Boxing is in danger of being dropped from the Tokyo 2020 Olympic slate after the International Olympic Committee (IOC) opened an inquiry into the embattled governing body late last year.
The inquiry into the International Boxing Association (AIBA) came after its members went against IOC warnings and elected a man accused of trafficking heroin. Though that’s far from the only issue the organization needs to address, including its finances.
Umar Kremlev, an AIBA executive committee member, made the offer of $16 million to clear the organization’s debts if the IOC keeps the sport in the next Olympics under the AIBA umbrella.
Boxing in a battle
The issues with the AIBA are long-ranging and include leaders with connections to crime organizations, controversial judging decisions and overall corruption.
Gafur Rakhimov was elected in November 2018 as the AIBA president despite the IOC’s warnings against it. The U.S. Treasury Department alleges he is a member of the Brother’s Circle, an organized crime group the department believes is involved in international heroin smuggling, according to Forbes.The department barred U.S. citizens and companies from doing business with him, per the AP.
Nothing is proven and Rakhimov has denied all allegations, which forced him to miss the 2000 Sydney Olympics and 2012 London Olympics. He said last week he would step down amid the investigation, according to reports, but did not resign from the post.
The IOC will deliver its final report May 22 into the organization. It can decide to drop the sport from the Tokyo schedule or develop a plan for tournaments and qualifying events without involvement by AIBA. In June, the IOC can vote to de-recognize AIBA.
AIBA put forth plans detailing how it would improve management, finances and fight judges as it attempts to avoid any sanctions and get answers for its boxers. The sport has been a pivotal part of the Games since 1904. Losing it would also hurt TV ratings, Forbes speculates.
2016 Games proved controversial
The issues stem back to some embarrassments at the 2016 Rio Olympics, where all 36 judges and referees were suspended by AIBA.
The two main cases, detailed by Forbes, involve Russians winning controversial decisions.
Ireland’s Michael Conlan lost a controversial decision to Russian Vladimir Nikitin and gave judges the middle finger before ranting about corruption. The Irish team boxing manager claimed in a three-page report reviewed by The Irish Times last March that the match was fixed and Conlan’s chances “gone” before he stepped into the ring.

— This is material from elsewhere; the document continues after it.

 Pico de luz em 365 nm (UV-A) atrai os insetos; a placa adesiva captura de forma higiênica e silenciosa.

Evgeny Tishchenko won the heavyweight gold even though Kazakh boxer Vasily Levit was considered the winner by observers. Tishchenko suffered a cut on his head and fought from his back foot for most of the bout. His coach even suggested in post-match comments that the Russian should not have won.
Scandals over judging came up again at the Asian Games in September, per Forbes, and two North Korean coaches were removed from the arena by police when they protested decisions.

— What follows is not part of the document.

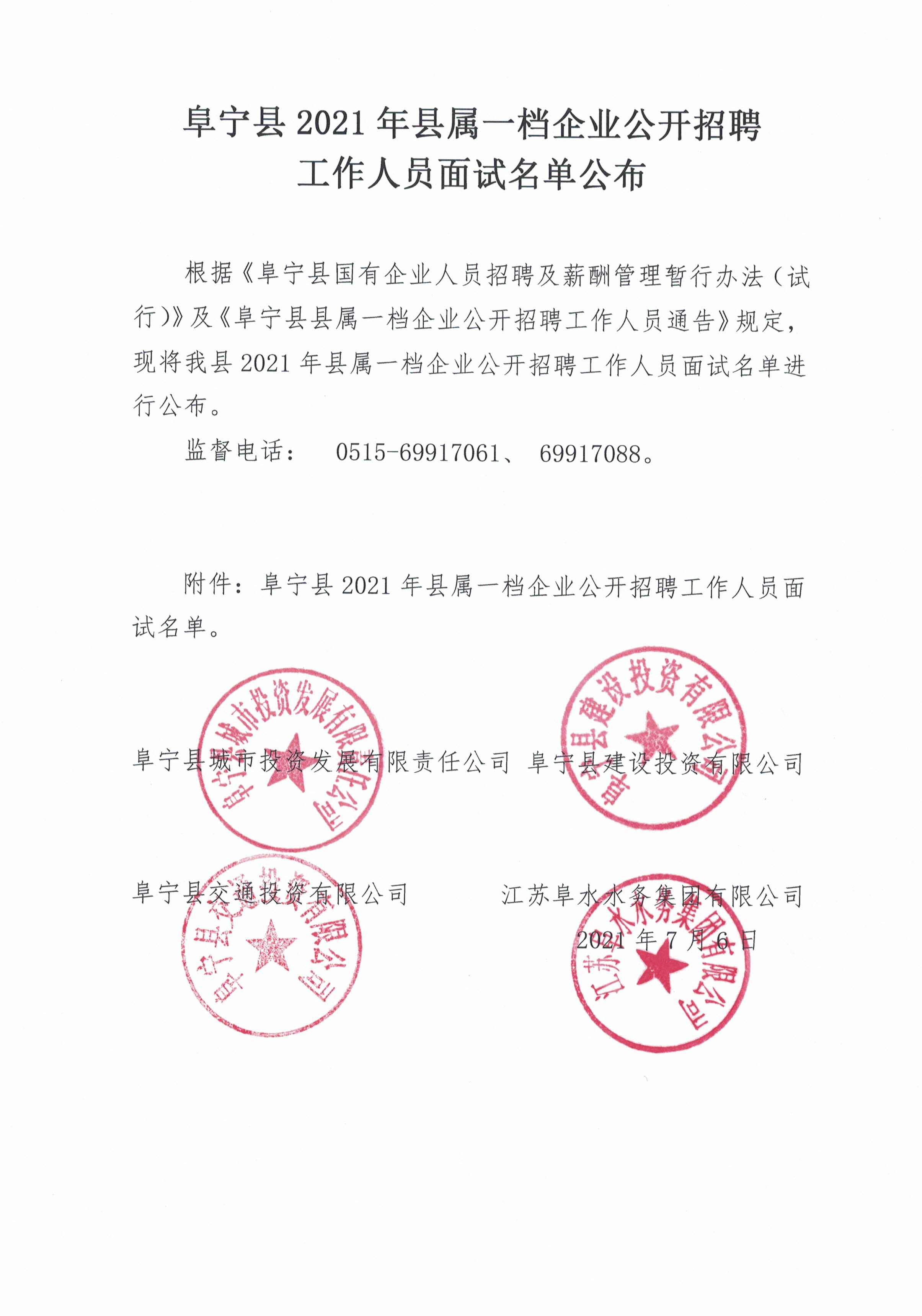 阜宁县2021年县属一档企业公开招聘工作人员面试名单

Kremlev offers to clear debt
An AIBA interim audit report released Wednesday showed the organization went from losing $2 million a year to a “positive cash flow.” Yet it still has debts of $16 million and, per the report, is “dependent on the Olympic dollars in order to secure its future.” De-recognizing the organization would pull that funding indefinitely.

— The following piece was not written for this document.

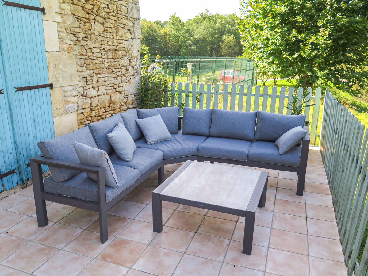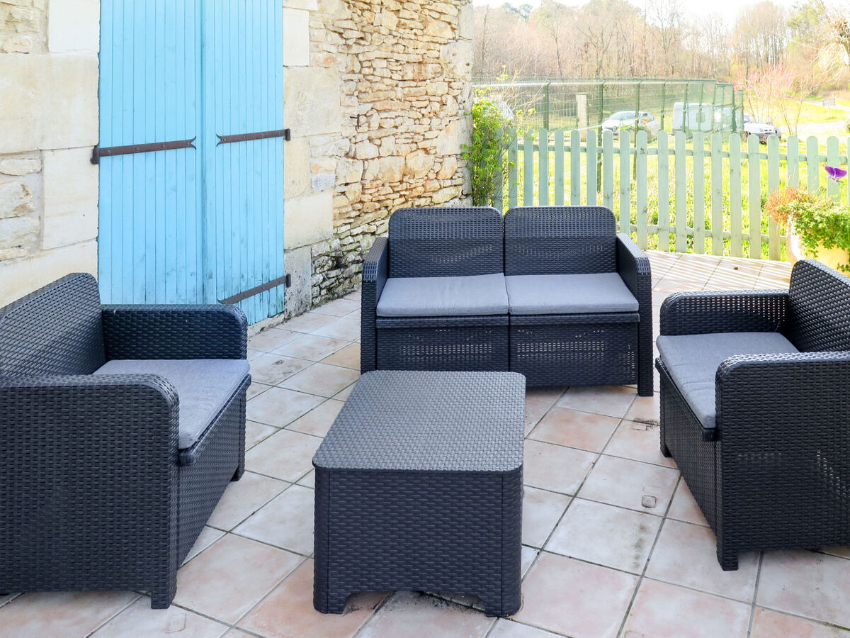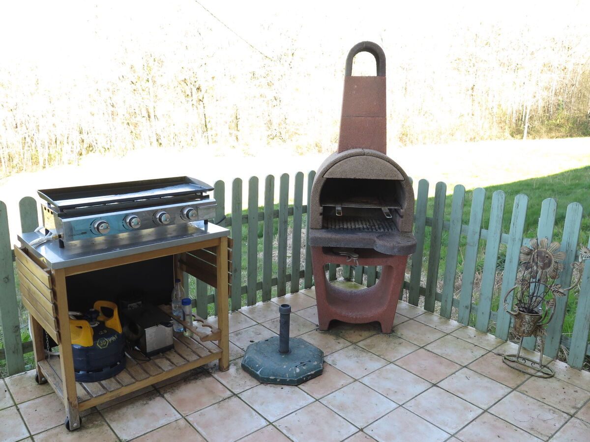 Meubles de terrasse, barbecue, chaises longues (8), réduit.

AIBA announced it intends to lower operating expenses by 50 percent and create positive equity by 2024. It alleged it could only do that if the sport were a part of the games, per Reuters.
Kremlev, an AIBA executive committee member and secretary general of the Russian boxing federation, wants to make a deal.
“I am ready to close all the debts of AIBA in full, so long as our favorite sport remains in the Olympic program,” Kremlev wrote, according to the statement given to The Associated Press.
Kremlev did not say where the money would come from, per the report.
AIBA executive director Tom Virgets told insidethegames he was “sincerely grateful” for the offer, but did not solicit it.
"We are very blessed to have a member in our AIBA family with such philanthropic heart," Virgets said.